Please give back each entry below unaltered, leaving the pictures out.

··· Information ···

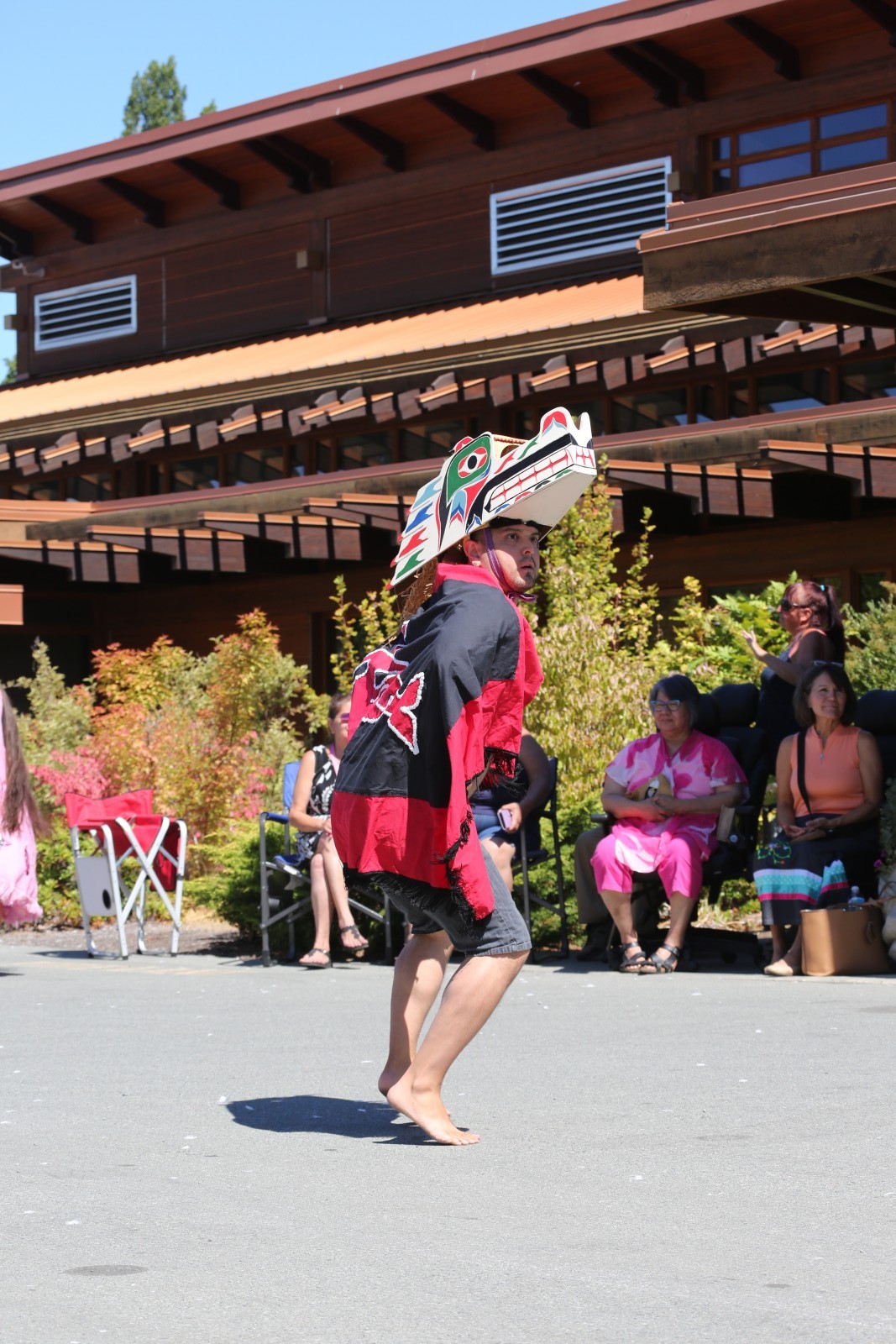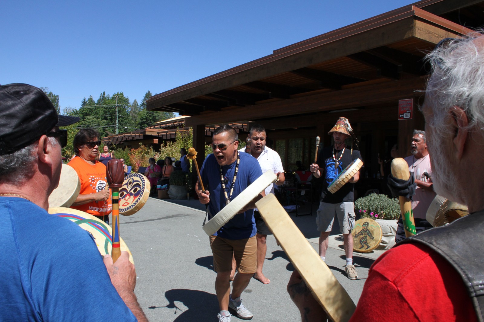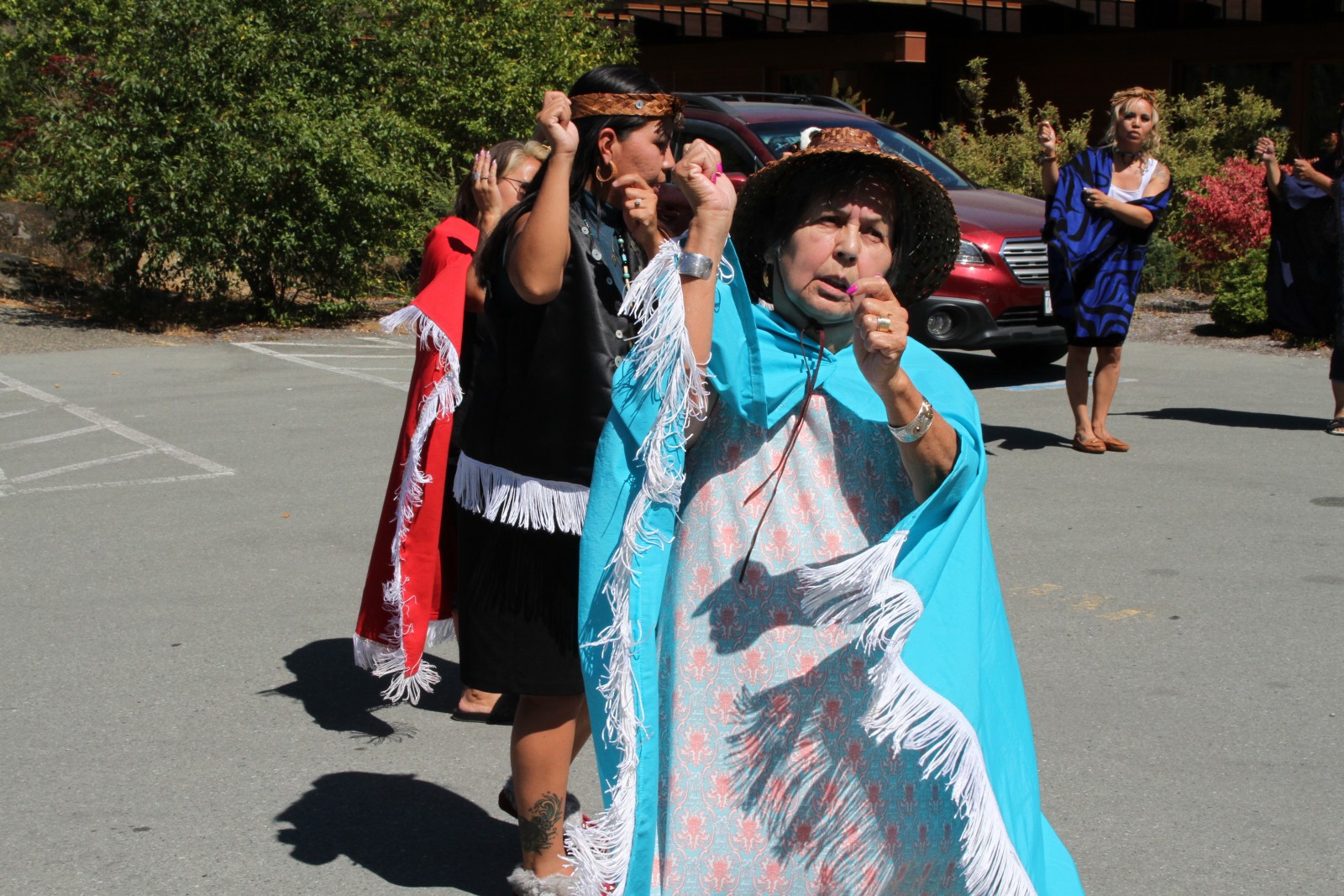 “I was invited by a number of the chiefs during the campaign,” she said, after being treated to a formal cultural welcome by the Tseshaht First Nation on July 24. She also met with the Huu-ay-aht and Hupacasath on Thursday July 22 in Port Alberni, followed by a visit to Ahousaht the following day. “I thought I would try and see as many communities on the Island as possible, so we reached out to Judith Sayers, and she was able to arrange three of the communities.”
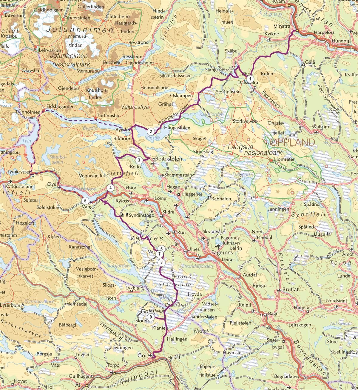 From Beitostølen, turn right onto Beitestølevegen and follow the Mjølkevegen signs towards Slettefjellvegen. The ascend to up the Slettefjell mountain pass is spectacular although challenging - a climb of approx. 500 meters to the top at 1315 masl. The view in clear weather, though, is stunning and very rewarding, both behind you towards Jotunheimen and ahead of you towards Vang. The following descent is even steeper, so watch out and take care! We recommend a stop and a 15 min. walk to the Sputrefossen waterfallon the right side of the road, before you reach Slettefjellkiosken, a good place for refuelling - for both riders and bike batteries!
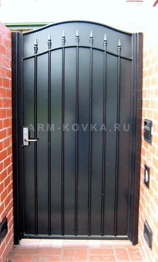 Строгая и элегантная кованая калитка закрытого типа, выполненная в стиле английской классики. Конструкция представляет собой сплошной металлический лист с глубоким черным матовым покрытием, усиленный вертикальными ребрами жесткости. Верхняя часть калитки имеет плавный арочный изгиб, под которым расположен декоративный ряд из классических литых пик серебристого цвета. Такое сочетание обеспечивает полную приватность территории и высокую степень безопасности, при этом сохраняя эстетическую привлекательность входной группы. Калитка установлена в проем между кирпичными столбами, идеально дополняя архитектуру домов из красного или облицовочного кирпича. Модель оснащена эргономичной нажимной ручкой и современным врезным замком, гарантируя удобство и надежность в повседневной эксплуатации.
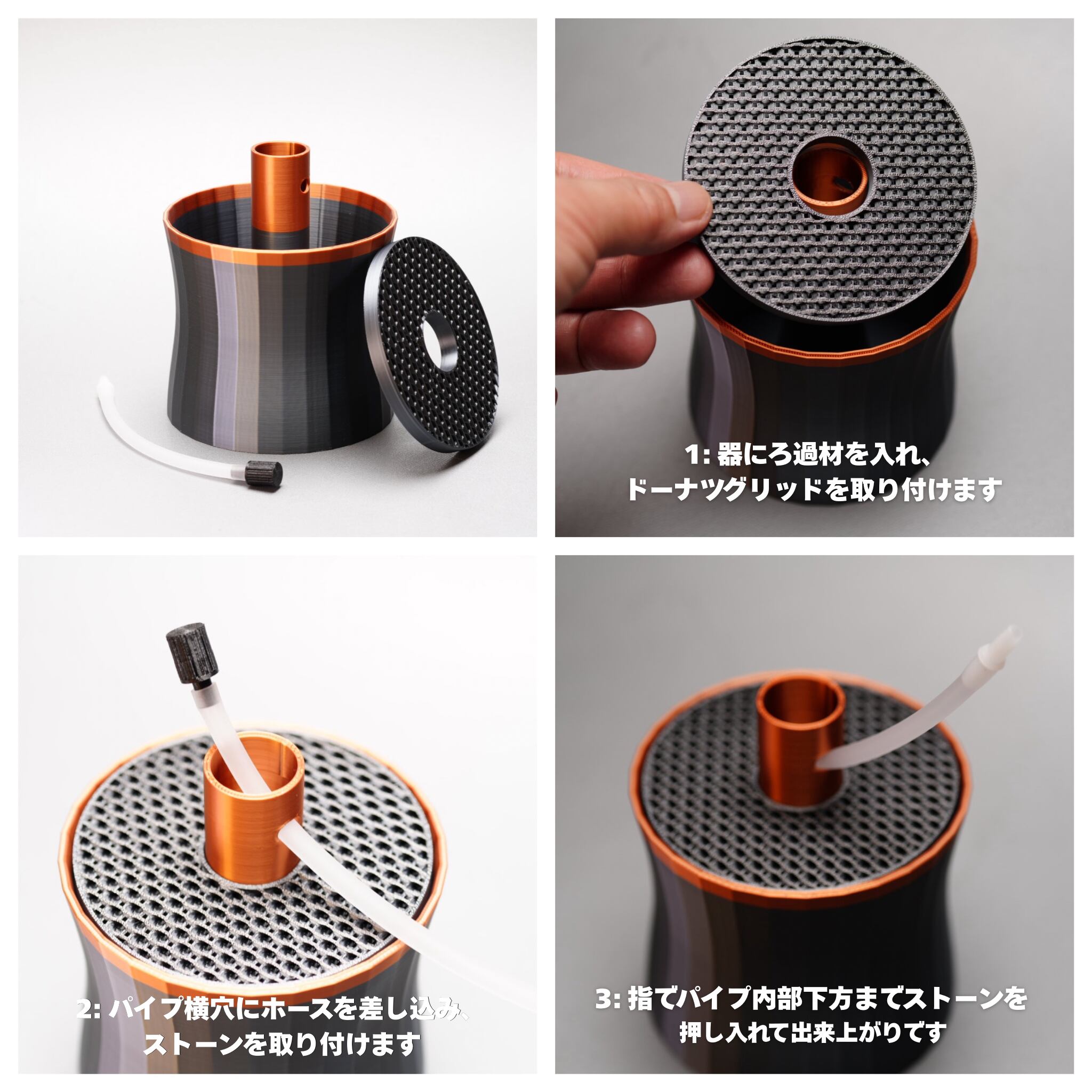 ベストセラーろ過器「SOW」のIT、器、パイプ、小粒ろ過材、大粒ろ過材などの要素をシンプルに再構成した使いやすさ重視のろ過器です
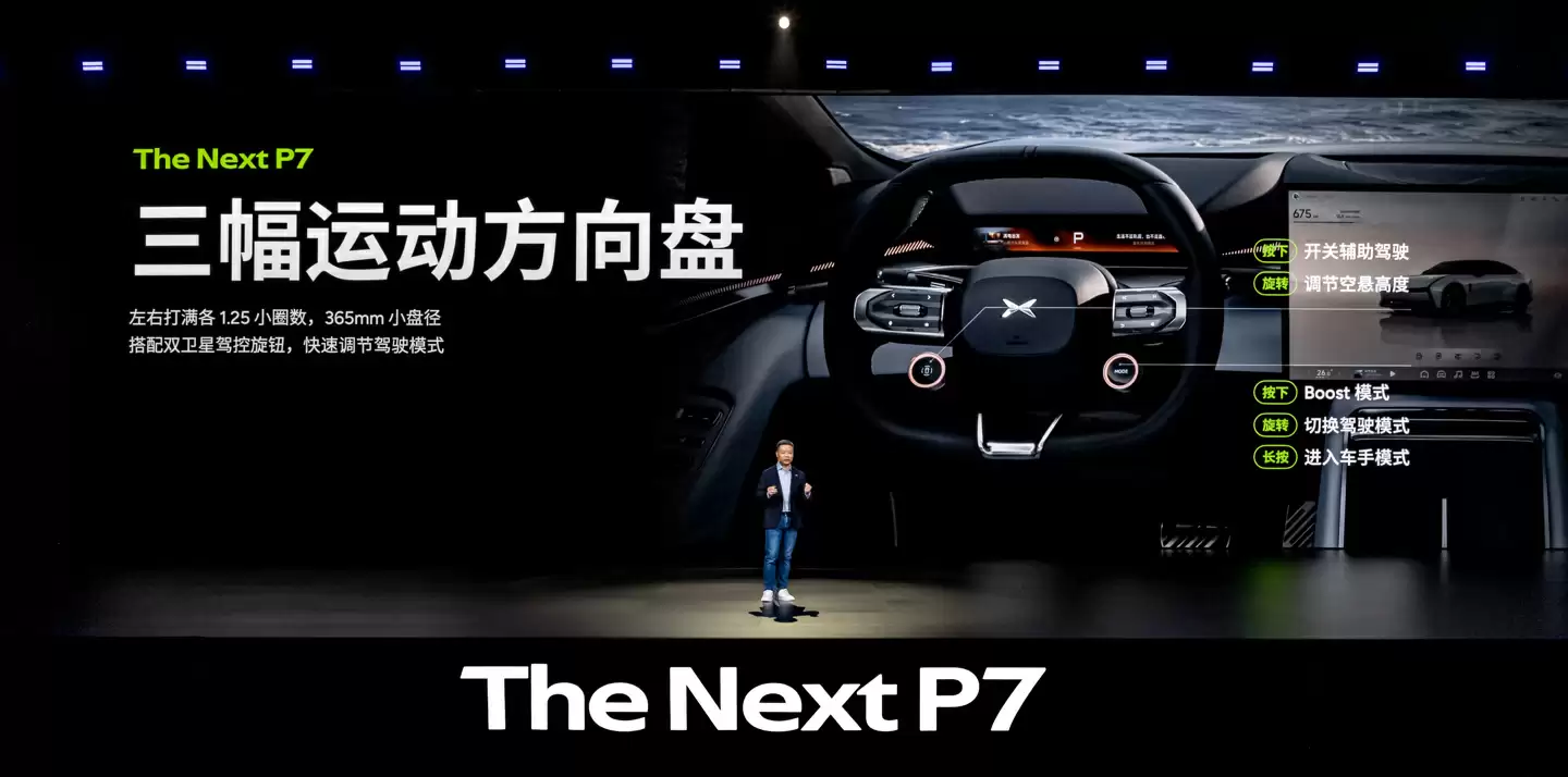 全新小鹏 P7 采用了“智能灵动仿生座舱”,配备行业最大 87 英寸 AR-HUD,支持「追光全景」抬头显示,拥有 365mm 小盘径运动方向盘 + 豪华跑车同款卫星驾控旋钮 + 行业首创车内智驾小蓝灯,还配备了三轴灵动屏、沉浸式运动仪表以及 Touch Pad 智能触控。
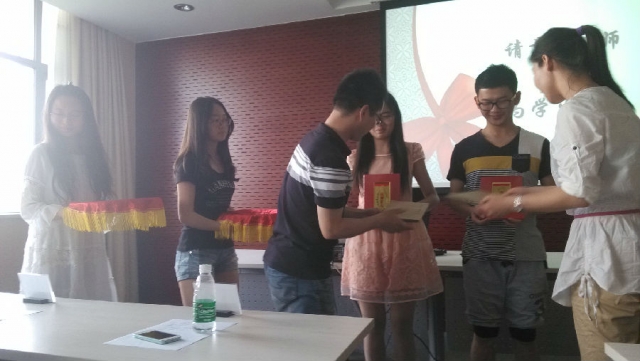在简单的开场后,都志亮老师首先介绍了“国航教工支部助学金”的设立背景及目的,让大家更了解这个助学金。随后,国航12级两位获奖同学田娇、彭晓丰各自分享了自己学习及生活上的心得,对国航教工支部给予此次奖励表达了感谢,并表示今后会更努力实现自我能力和思想的提升,同时积极创建专业良好学风;接着,高鸿丽老师和章强老师对获奖同学提出了学习上要钻研,在做人做事方面也能表现优异的期望,并对两位同学进行颁奖。颁奖仪式最后在老师与同学热烈的交流中结束。

···

Answer for the task
 “I was invited by a number of the chiefs during the campaign,” she said, after being treated to a formal cultural welcome by the Tseshaht First Nation on July 24. She also met with the Huu-ay-aht and Hupacasath on Thursday July 22 in Port Alberni, followed by a visit to Ahousaht the following day. “I thought I would try and see as many communities on the Island as possible, so we reached out to Judith Sayers, and she was able to arrange three of the communities.”
 From Beitostølen, turn right onto Beitestølevegen and follow the Mjølkevegen signs towards Slettefjellvegen. The ascend to up the Slettefjell mountain pass is spectacular although challenging - a climb of approx. 500 meters to the top at 1315 masl. The view in clear weather, though, is stunning and very rewarding, both behind you towards Jotunheimen and ahead of you towards Vang. The following descent is even steeper, so watch out and take care! We recommend a stop and a 15 min. walk to the Sputrefossen waterfallon the right side of the road, before you reach Slettefjellkiosken, a good place for refuelling - for both riders and bike batteries!
 Строгая и элегантная кованая калитка закрытого типа, выполненная в стиле английской классики. Конструкция представляет собой сплошной металлический лист с глубоким черным матовым покрытием, усиленный вертикальными ребрами жесткости. Верхняя часть калитки имеет плавный арочный изгиб, под которым расположен декоративный ряд из классических литых пик серебристого цвета. Такое сочетание обеспечивает полную приватность территории и высокую степень безопасности, при этом сохраняя эстетическую привлекательность входной группы. Калитка установлена в проем между кирпичными столбами, идеально дополняя архитектуру домов из красного или облицовочного кирпича. Модель оснащена эргономичной нажимной ручкой и современным врезным замком, гарантируя удобство и надежность в повседневной эксплуатации.
 ベストセラーろ過器「SOW」のIT、器、パイプ、小粒ろ過材、大粒ろ過材などの要素をシンプルに再構成した使いやすさ重視のろ過器です
 全新小鹏 P7 采用了“智能灵动仿生座舱”,配备行业最大 87 英寸 AR-HUD,支持「追光全景」抬头显示,拥有 365mm 小盘径运动方向盘 + 豪华跑车同款卫星驾控旋钮 + 行业首创车内智驾小蓝灯,还配备了三轴灵动屏、沉浸式运动仪表以及 Touch Pad 智能触控。
在简单的开场后,都志亮老师首先介绍了“国航教工支部助学金”的设立背景及目的,让大家更了解这个助学金。随后,国航12级两位获奖同学田娇、彭晓丰各自分享了自己学习及生活上的心得,对国航教工支部给予此次奖励表达了感谢,并表示今后会更努力实现自我能力和思想的提升,同时积极创建专业良好学风;接着,高鸿丽老师和章强老师对获奖同学提出了学习上要钻研,在做人做事方面也能表现优异的期望,并对两位同学进行颁奖。颁奖仪式最后在老师与同学热烈的交流中结束。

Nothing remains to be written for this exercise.